First of all, what’s toning? Sculpting?  Is this really just making the body look leaner?  Getting more muscle definition?  Ok, we just went over this.  Strength training will make muscles denser and stronger, meanwhile burning more calories to strip down any fat tissue covering those guns.  High reps, while nice for endurance, also adds a repetitive stress concern - 3 sets of 20 rather than 4 sets of 6 means extra loaded joint movement which may lead to joint issues.  So again, resistance training, with good form and appropriate load, is better for “toning,” and strength, and wellness.

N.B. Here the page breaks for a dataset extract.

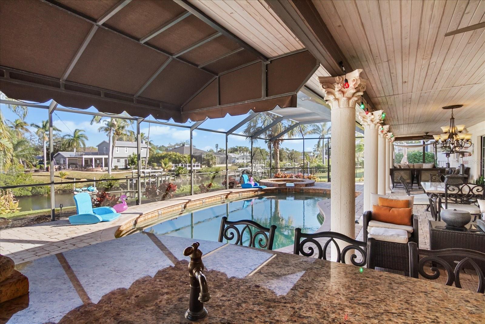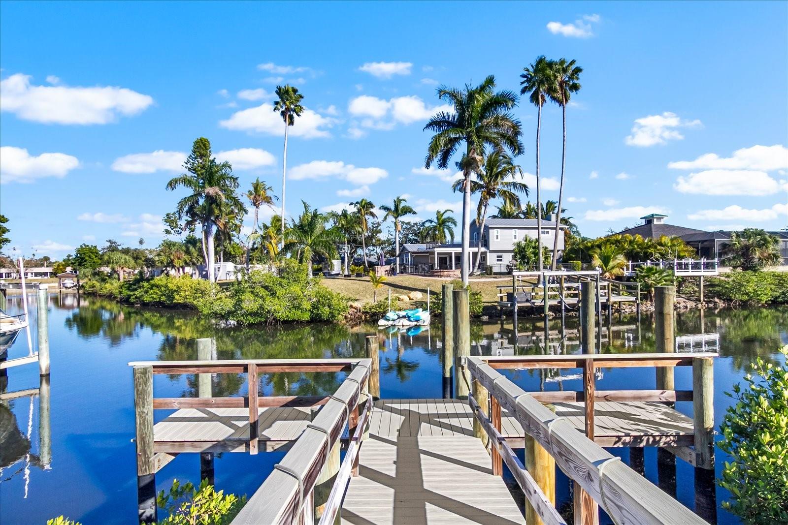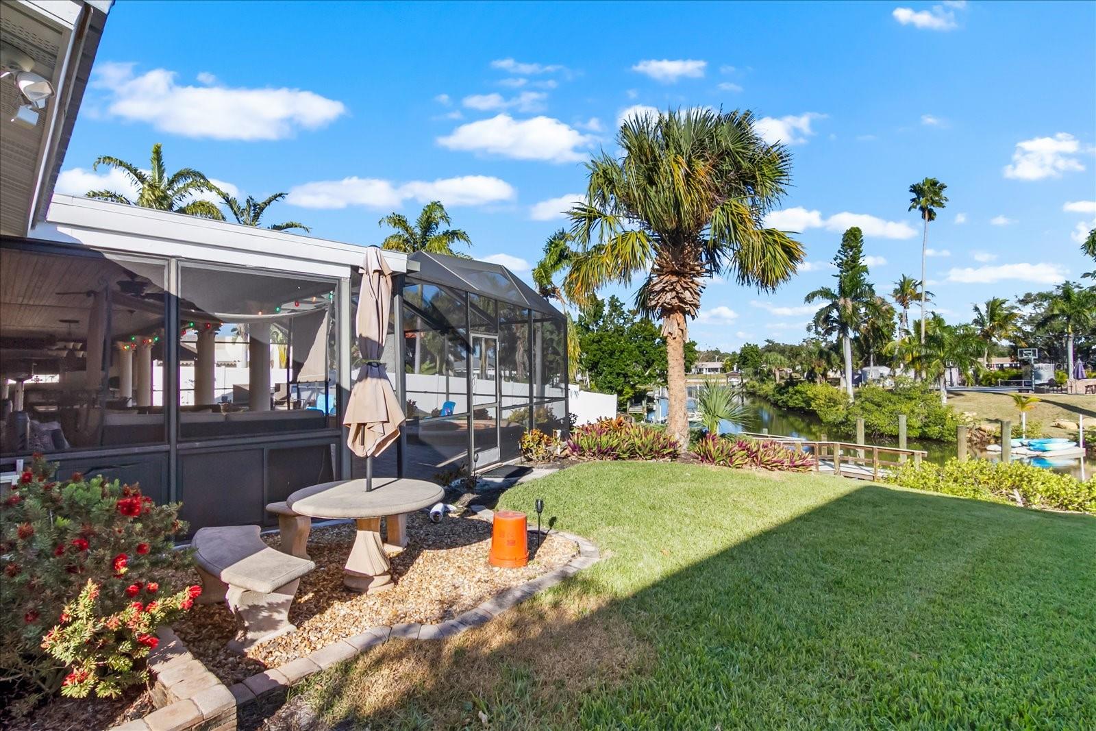 Your Land and Sea Refuge! This beautiful waterfront home features 3 bedrooms and 2 1/2 baths. Crown molding! Granite countertops! Double ovens! Custom cooktop with range hood .New refrigerator, dishwasher, wine cooler, clothes washer, and clothes dryer. New metal roof. Enjoy hosting parties on the spacious, screen enclosed, rear deck along with using the summer kitchen with pool / spa. Your own personal utility boat dock allows you access to the intercoastal waterway. Endless relaxation in this quiet neighborhood. As a plus, just 15 minutes away from the highly accredited Pine View magnet school.

Again, an idea that I think comes from the bodybuilding world and/or those looking to bring in customers with low gym IQ.  Isolating muscles with single joint movement (think seated knee extension machine for the quads) does indeed target a muscle and indeed that muscle will get stronger.  SO WHAT?!?! If I do hundred knee extensions with a hundred pounds slapped on that machine, what will I get? Bigger quads? Maybe. Sore kneecaps? Probably. Better running speed or vertical jump?  Nope. The thing is, just like raising kids, moving a body takes a village. A whole staff of muscle support shows up for you all the time, even to hold up the device you’re reading this on. So our training should mimic life and require some coordination of our moving parts.  That is, while appropriate for some, sometimes, chest press or bench press will do less for you (given comparable load) than a push-up, since to execute a push-up, the whole anterior chain (front side of the body) has to work together to support you through the movement. A strong muscle does us no good unless it knows how to show up with its buddies and work as a team.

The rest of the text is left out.